> [Requirement]: Write each line below back out exactly, omitting its pictures.

> [Data section]:
○ ○ ○

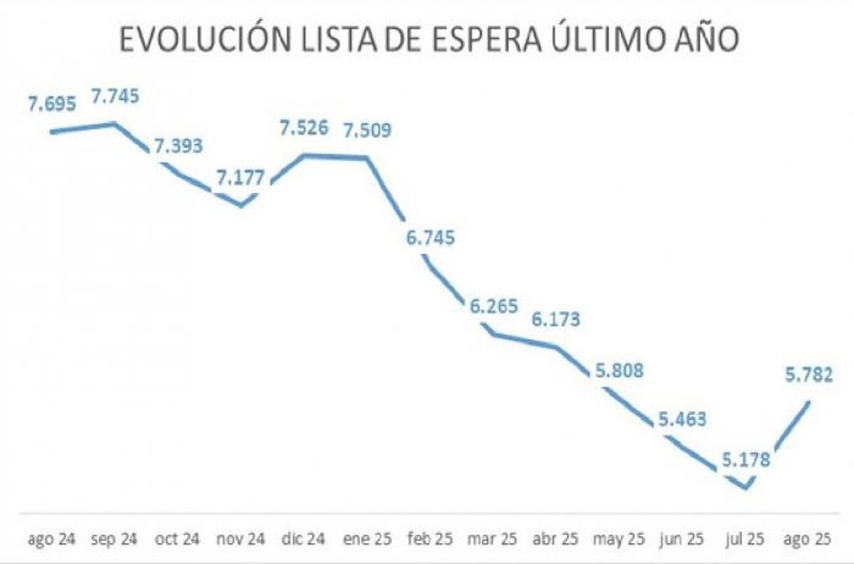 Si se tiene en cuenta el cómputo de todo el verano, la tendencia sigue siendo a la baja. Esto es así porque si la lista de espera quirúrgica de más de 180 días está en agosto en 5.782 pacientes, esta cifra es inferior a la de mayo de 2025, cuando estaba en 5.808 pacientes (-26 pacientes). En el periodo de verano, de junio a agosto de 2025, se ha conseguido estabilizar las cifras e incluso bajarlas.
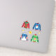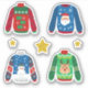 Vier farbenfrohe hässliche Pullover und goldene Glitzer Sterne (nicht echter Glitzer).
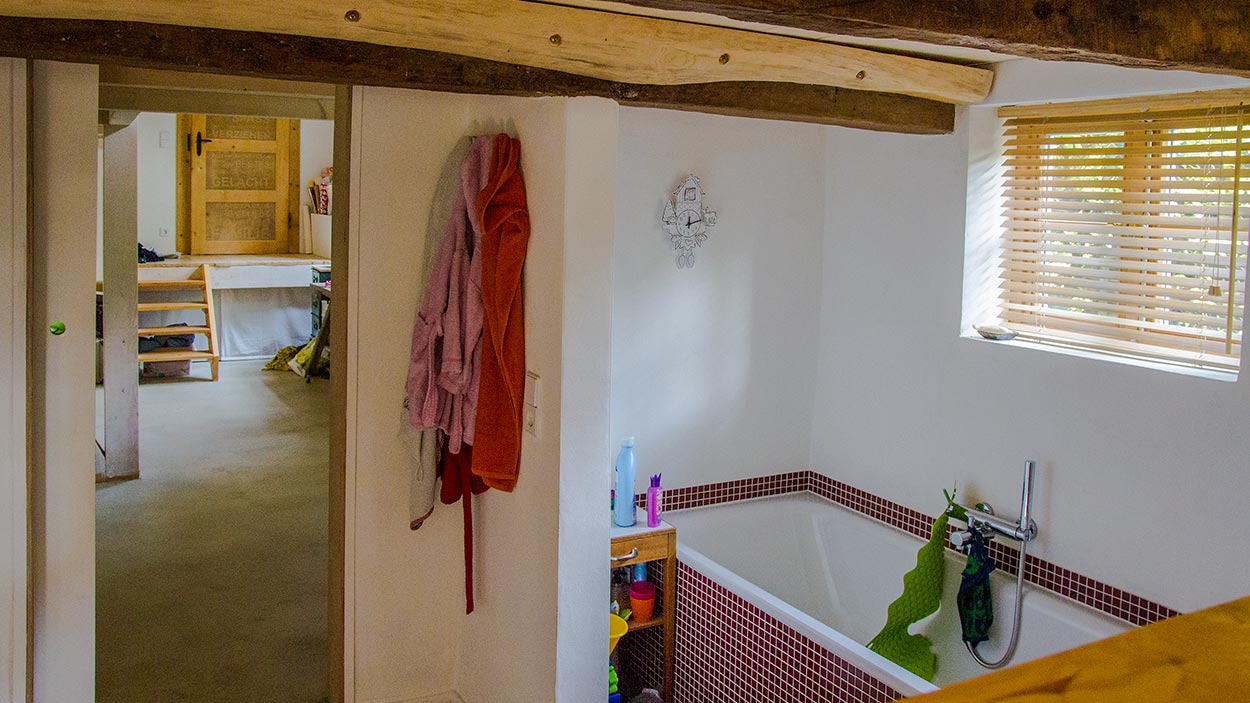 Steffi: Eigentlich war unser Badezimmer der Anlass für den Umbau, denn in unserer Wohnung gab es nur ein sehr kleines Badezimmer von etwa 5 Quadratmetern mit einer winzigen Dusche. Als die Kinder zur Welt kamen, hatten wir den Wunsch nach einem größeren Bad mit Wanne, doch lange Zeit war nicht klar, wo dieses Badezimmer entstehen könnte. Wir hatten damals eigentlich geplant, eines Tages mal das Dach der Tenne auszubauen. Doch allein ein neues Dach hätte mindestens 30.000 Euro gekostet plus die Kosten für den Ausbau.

○ ○ ○

> [Answer box]:
 Si se tiene en cuenta el cómputo de todo el verano, la tendencia sigue siendo a la baja. Esto es así porque si la lista de espera quirúrgica de más de 180 días está en agosto en 5.782 pacientes, esta cifra es inferior a la de mayo de 2025, cuando estaba en 5.808 pacientes (-26 pacientes). En el periodo de verano, de junio a agosto de 2025, se ha conseguido estabilizar las cifras e incluso bajarlas.
 Vier farbenfrohe hässliche Pullover und goldene Glitzer Sterne (nicht echter Glitzer).
 Steffi: Eigentlich war unser Badezimmer der Anlass für den Umbau, denn in unserer Wohnung gab es nur ein sehr kleines Badezimmer von etwa 5 Quadratmetern mit einer winzigen Dusche. Als die Kinder zur Welt kamen, hatten wir den Wunsch nach einem größeren Bad mit Wanne, doch lange Zeit war nicht klar, wo dieses Badezimmer entstehen könnte. Wir hatten damals eigentlich geplant, eines Tages mal das Dach der Tenne auszubauen. Doch allein ein neues Dach hätte mindestens 30.000 Euro gekostet plus die Kosten für den Ausbau.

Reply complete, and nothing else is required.